Federal Judge David Lawton got it right in saying that the failure of leadership by the Flint City Council is “breathtaking.”
After dawdling for three months, the council finally this week approved an agreement that will keep the city on the Detroit water system.
But for only two years, at which time the whole process of vetting a water source will have to begin anew.
Mayor Karen Weaver had bargained a 30-year pact, assuring certainty for Flint residents and businesses that there would be no further disruption to their water supply for decades.
But the council waffled, even though the decision to remain with the Great Lakes Water Authority was clearly the best, and perhaps only, safe option.
In the end, the council acted at the point of a gun. Lawson had threatened to impose the agreement on the city if it did not make a decision to either remain with the Detroit regional authority or choose another source.
Council members said they were troubled by the length of the contract, which would lock in rates some members see as too high. They also wanted to hear from additional experts, which would require more months of delay.
But the pact put together by Weaver will begin saving the city $600,000 a month immediately on implementation. It will end the current situation of Flint residents paying for the Detroit water, while also paying off the bonds of the new Karegnondi Water Authority.

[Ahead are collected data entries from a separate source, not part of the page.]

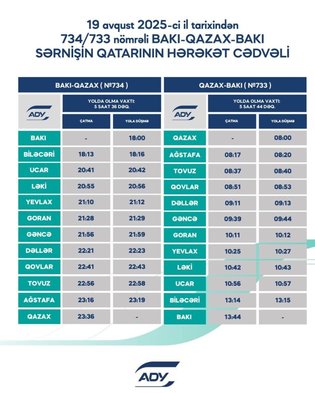 Qeyd edilib ki, Bakı-Keşlə sahəsində aparılan təmir işləri ilə əlaqədar bu gündən Bakı-Balakən-Bakı, Bakı-Qəbələ-Bakı və Bakı-Qazax-Bakı marşrutu üzrə sərnişin qatarları yenilənmiş hərəkət cədvəli ilə xidmət göstərir.
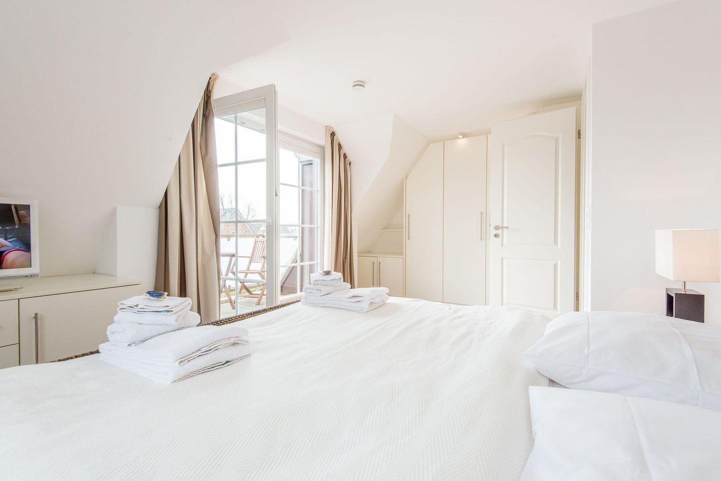 Das erste Schlafzimmer verfügt über ein Doppelbett (2x 90x200 cm), einen Einbauschrank, TV und direkten Zugang zum möblierten Balkon nach Süden. Das zweite Schlafzimmer ist mit zwei Einzelbetten (je 100x200 cm), einem Einbaueckschrank, einem Schreibtisch und einem Stuhl ausgestattet, ideal für Familien oder Freunde.
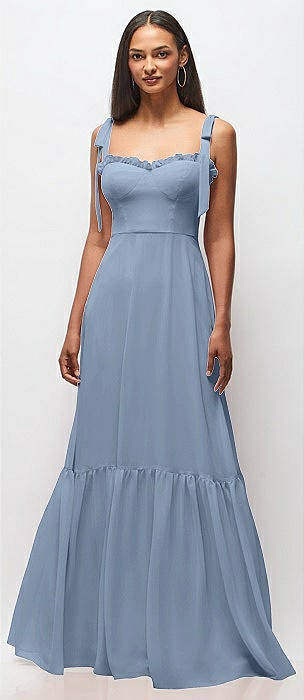 Cloudy blue bridesmaid dresses are a total vibe, so it's easy to see why brides can't get enough of this effortlessly chic shade. This dreamy, dusty blue color effortlessly blends romance and sophistication—and photographs like a dream. Plus, it's universally flattering. Your crew will feel confident and gorgeous in cloudy blue dresses, no matter the wedding vibe or season.
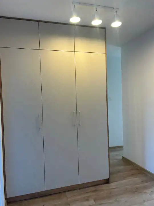 W przedpokoju duża i funkcjonalna szafa odzieżowa, wszystko wykonane na indywidualne zamówienie.
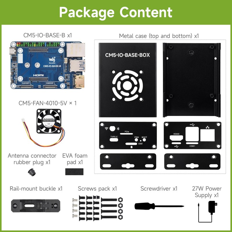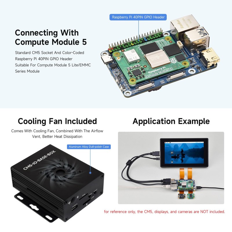 • Compatibility & Connectors: The base board is compatible with all variants of the Raspberry Pi Compute Module 5 (CM5) and includes an M.2 M KEY (2230/2242) connector, Raspberry Pi 40PIN GPIO header, and dual HDMI ports supporting 4K output.
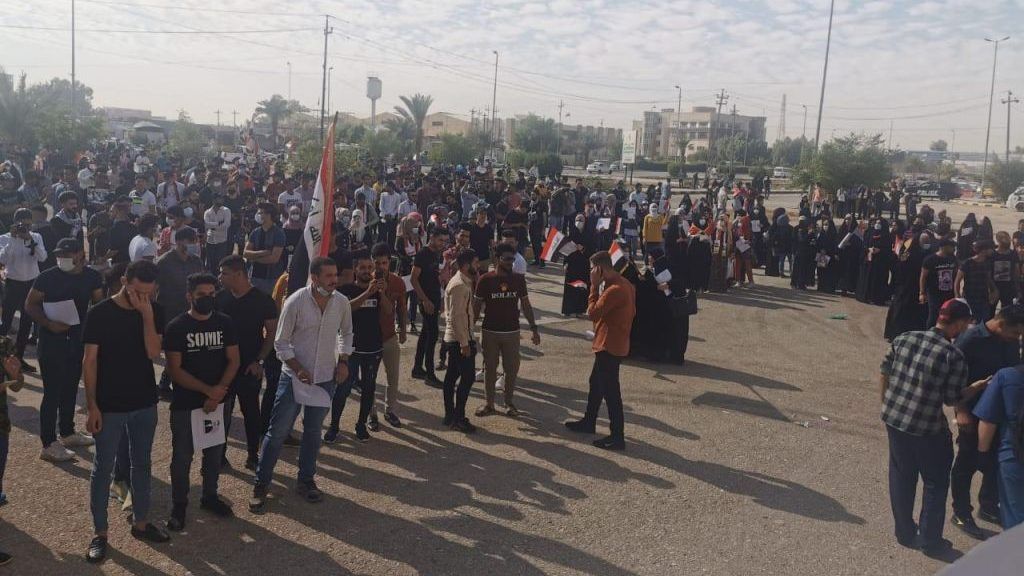 وأضاف، أن “المحتجين في بغداد توزعوا في مناطق عدة وهي: العلاوي – ساحة التحرير – الجادرية – شارع النضال”.
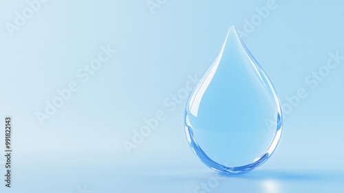 Single Water Drop on a Blue Background, 3D Rendering, Minimalist, Water, Blue Background, 3D, Drop
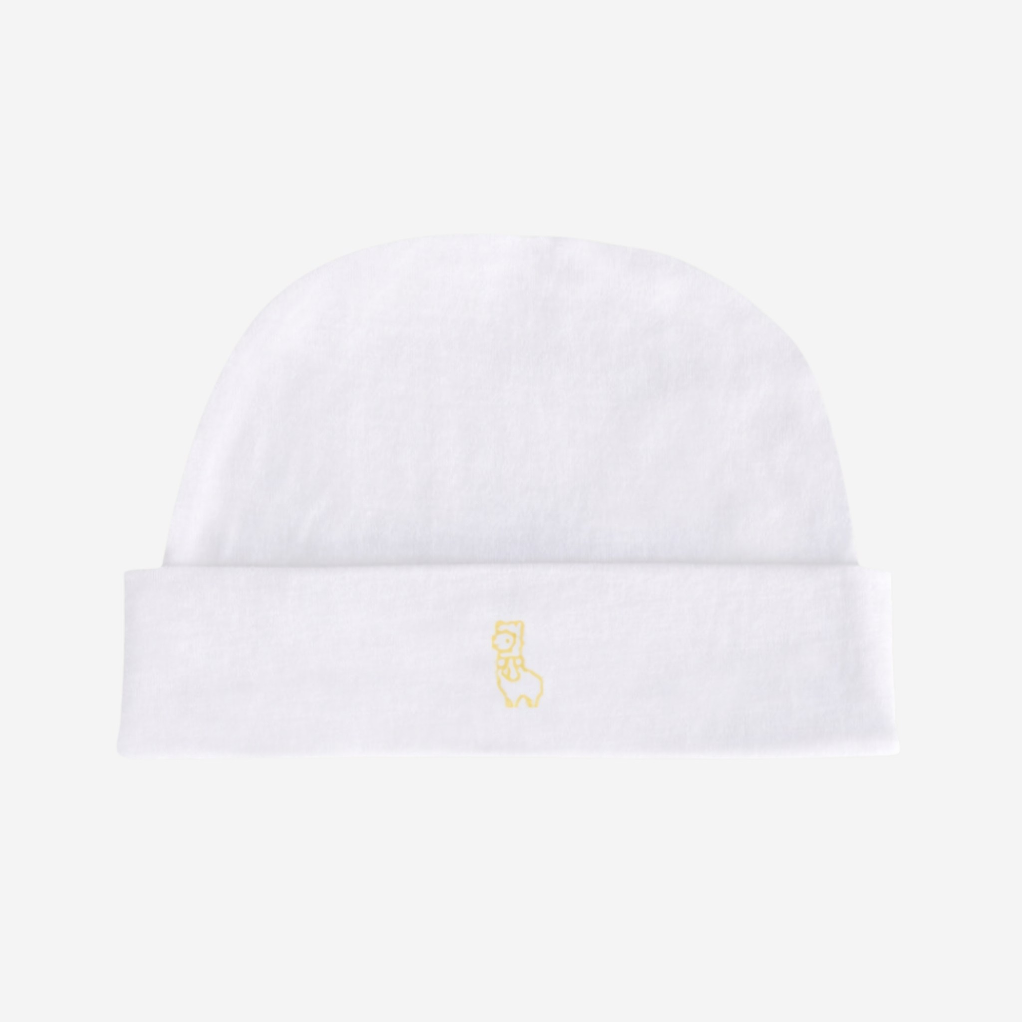 Erhältlich mit der Llamita in Grün, Blau, Rosa und Gelb, ergänzt die Babymütze die Kollektion auf harmonische Weise.

Lawton was correct in warning that the delay in decisionmaking was placing Flint’s financial well-being at risk, as well as the health of its residents.
The Michigan Department of Environmental Quality sued Flint officials in late June, arguing that the Flint council was endangering the public’s health by failing to approve a long-term drinking water source.
The council could have voted to go ahead with its move to the Karegnondi authority.
But doing so would require extensive repairs to the Flint water plant, which would cost tens of millions of dollars and three and a half years to complete.
That’s too long to leave Flint in limbo.
Restoring trust in the city’s drinking water, destroyed in 2014 when a state-imposed switch to the Flint river as a water source triggered a lead crisis, is the top priority.
The continuity of remaining with the Great Lakes Regional Water Authority is the surest way to erase concerns about the safety of Flint’s water.
Even the Karegnondi authority is backing the Great Lakes contract, since it provides a vehicle for paying off Flint’s portion of the authority’s bond debt.
Weaver made the best bargain she could. City Council members may wish there were a better deal that would substantially lower water rates for residents.
But such wishful thinking contributed to the initial ill-fated water source switch.
The council should reconvene and sign off on the 30-year deal, which would be an important step in putting Flint’s water crisis to rest.